You can’t forget depression.  Forgetting is doing something.  (You can forget pain.  Or more likely override it with other brain functions.)
All these remarks are conditional, provisional and possibly just flat wrong.  I’m only  now thinking through the implications.  It seems to me that the way to address the first third is pretty clear:  making oneself an instrument that is aware and taking in all the sensory information possible.  There’s an element of needing to stay healthy to do that, and another of benefiting from training so one knows what one is hearing and seeing.  (An experiment going around the ‘zine/youtube circuit shows that you can’t see a subtle variation in a color if you have no word for it.)  When it comes to skin, it would be a shame to burn or scar it -- not because of ugliness but because of sensitivity.  Genitals -- oh, such a gift/problem.  
The counter force to treating yourself like a Stradivarius is being wild and intense enough to smash your guitar just to see what that’s like.  Set the piano on fire.  Excessive caution can shrivel everything.
The struggle seems to be balancing high sensitivity against being overwhelmed, discriminating in various ways, seeing and feeling and hearing patterns.  Not choosing what the world throws at you and then on the other hand being able to turn away, to avoid or to seek.

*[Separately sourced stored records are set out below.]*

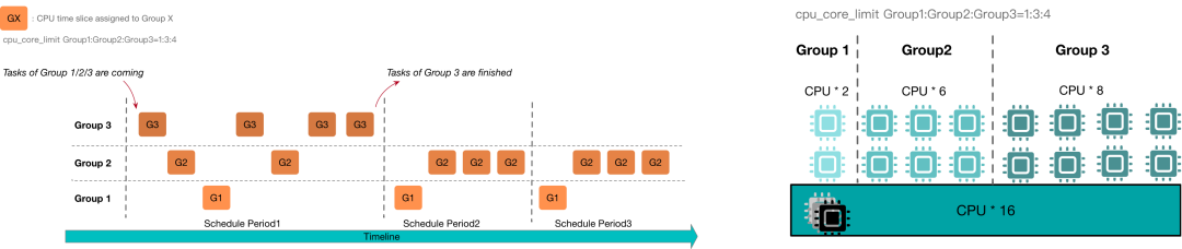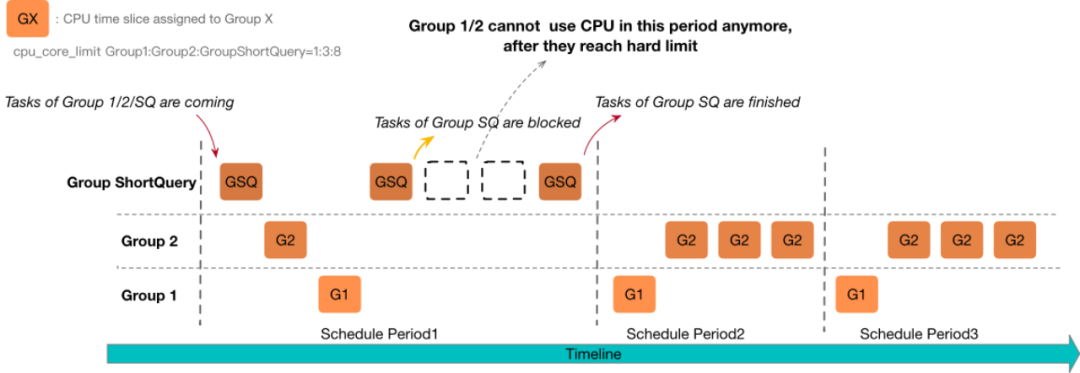 以下图为例,三个资源组会按照1:3:4的比例来使用所有16核的 CPU 资源,即从逻辑上会分别分配到2核、6核和8核的 CPU ,并且当资源空闲时,正在运行的资源组可以弹性使用更多的资源。当第一个调度周期结束以后,第三个资源组的所有任务都已经完成了,所以在接下来的调度周期2和3中,其他的资源组1和2就可以使用全部的 CPU 资源了,也就是每个周期可以分配到更多的时间片。CPU 资源的软隔离的方式会存在少量的调度延时,所以对于高优先级的点查这一类对调度延迟很敏感的极端的场景,我们提供了短查询资源组的功能。当有短查询资源组的查询时,会为其保留 cpu_core_limit 的 CPU 资源,其他资源组只能使用剩余的 CPU 资源。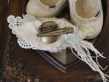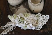 オフホワイトのガクアジサイやオーガンジーのデージー、すみれなどとレースの蝶でクリップ付きのコサージュに仕立てました。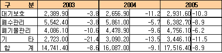 한국은행 관계자는 “우리나라 환경보호지출은 선진국과 비슷한 수준”이라면서도 “그렇다고 선진국과 환경보호의 질적 수준이 비슷하다는 의미는 아니다”라고 강조했다. 표, 그래프: | 환경보호비용 지출동향 | <화학저널 2006/12/20> |

At the downstream end of this Stimulus/Process/Act triptych, the problems and opportunities are abilities:  what can you DO, MAKE.  How much muscle do you have?  What tenacity, what endurance?  Can you concentrate, set goals?  Dexterity, timing, verbal control.  What weaknesses, what lingering sicknesses?  How much resourcefulness in managing them?  (Everyone has deficits of some kind.)  You can’t really find out much about this end without doing things.
That middle section -- the brain stuff newly discovered through fMRI, blood flow patterns, single-neuron electrical firing, almost daily identification of newly found kinds of cells with special duties (like mirror cells) -- seems to live in the neuronal platform workspace on the side of the cerebrum that is connected to your handwriting.  BUT much of what it draws on is not sensory at all but strategies mostly in the forebrain of humans (apes don’t have them): morality, judgment, social skills, expectations, projections, empathy.   (My brother, my father, and probably my cousin had lost many of these “marbles” due to trauma.)   It’s a card game -- the cards come in from the senses, the “black box” decides how to play them, and then the muscles throw down the cards -- or not.  Identity mainly lives in this game..
You can’t really get at these things except through experience, which is why many who address and negotiate to change someone’s troublesome categories find it works best to use games.  And the arts, because all arts are games.  Your senses tell you about turpentine and pigment, canvas and brush -- then the card game starts -- and your hand and eye collaborate to make something.  The more you paint/write/sing/dance the more neuronal information from this trio builds up below the surface where you can’t see it but you can use it.  There has been a little ditty about how many hours of this work it takes to make mastery, but I think that’s silly.  Everyone is different, doing different things, with different memories and goals.  There is no right or wrong, only what works and what doesn’t.  SLAP!  Stop.  Realization.